* [EXERCISE REQUIREMENTS]
Of the entries below, restate word for word only the section that runs from the line with "Gut gelaunt starteten" to the line with "Mellan augusti och", counting both ends.

___ GIVEN DATA

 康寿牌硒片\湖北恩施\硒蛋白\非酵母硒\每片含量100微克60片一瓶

______
___ GIVEN DATA

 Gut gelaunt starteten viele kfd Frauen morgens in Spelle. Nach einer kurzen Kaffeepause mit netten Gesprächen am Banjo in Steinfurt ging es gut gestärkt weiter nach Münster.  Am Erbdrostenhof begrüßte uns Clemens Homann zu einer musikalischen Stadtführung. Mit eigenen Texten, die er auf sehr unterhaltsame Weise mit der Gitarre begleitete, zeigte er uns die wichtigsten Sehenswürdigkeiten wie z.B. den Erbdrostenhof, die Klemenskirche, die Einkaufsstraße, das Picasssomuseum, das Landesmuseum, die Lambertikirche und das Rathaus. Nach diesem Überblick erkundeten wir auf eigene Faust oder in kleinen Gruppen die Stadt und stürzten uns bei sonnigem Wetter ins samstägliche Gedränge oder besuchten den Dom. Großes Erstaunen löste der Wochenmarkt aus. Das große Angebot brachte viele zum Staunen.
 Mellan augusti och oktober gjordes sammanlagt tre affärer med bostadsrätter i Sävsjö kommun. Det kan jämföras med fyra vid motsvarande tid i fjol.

______
___ GIVEN DATA

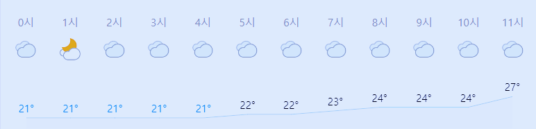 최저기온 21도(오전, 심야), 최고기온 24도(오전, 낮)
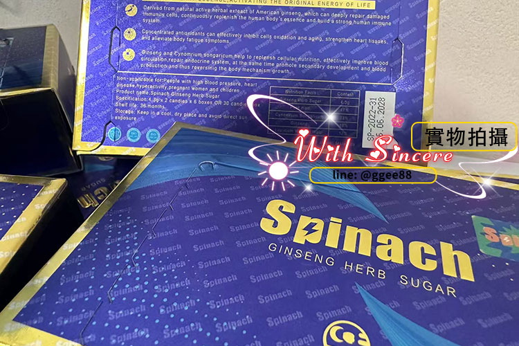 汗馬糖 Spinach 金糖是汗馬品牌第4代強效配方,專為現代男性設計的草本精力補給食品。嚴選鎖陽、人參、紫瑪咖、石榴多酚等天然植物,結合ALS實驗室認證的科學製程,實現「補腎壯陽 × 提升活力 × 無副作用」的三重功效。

______

* [EXPECTED OUTPUT]
 Gut gelaunt starteten viele kfd Frauen morgens in Spelle. Nach einer kurzen Kaffeepause mit netten Gesprächen am Banjo in Steinfurt ging es gut gestärkt weiter nach Münster.  Am Erbdrostenhof begrüßte uns Clemens Homann zu einer musikalischen Stadtführung. Mit eigenen Texten, die er auf sehr unterhaltsame Weise mit der Gitarre begleitete, zeigte er uns die wichtigsten Sehenswürdigkeiten wie z.B. den Erbdrostenhof, die Klemenskirche, die Einkaufsstraße, das Picasssomuseum, das Landesmuseum, die Lambertikirche und das Rathaus. Nach diesem Überblick erkundeten wir auf eigene Faust oder in kleinen Gruppen die Stadt und stürzten uns bei sonnigem Wetter ins samstägliche Gedränge oder besuchten den Dom. Großes Erstaunen löste der Wochenmarkt aus. Das große Angebot brachte viele zum Staunen.
 Mellan augusti och oktober gjordes sammanlagt tre affärer med bostadsrätter i Sävsjö kommun. Det kan jämföras med fyra vid motsvarande tid i fjol.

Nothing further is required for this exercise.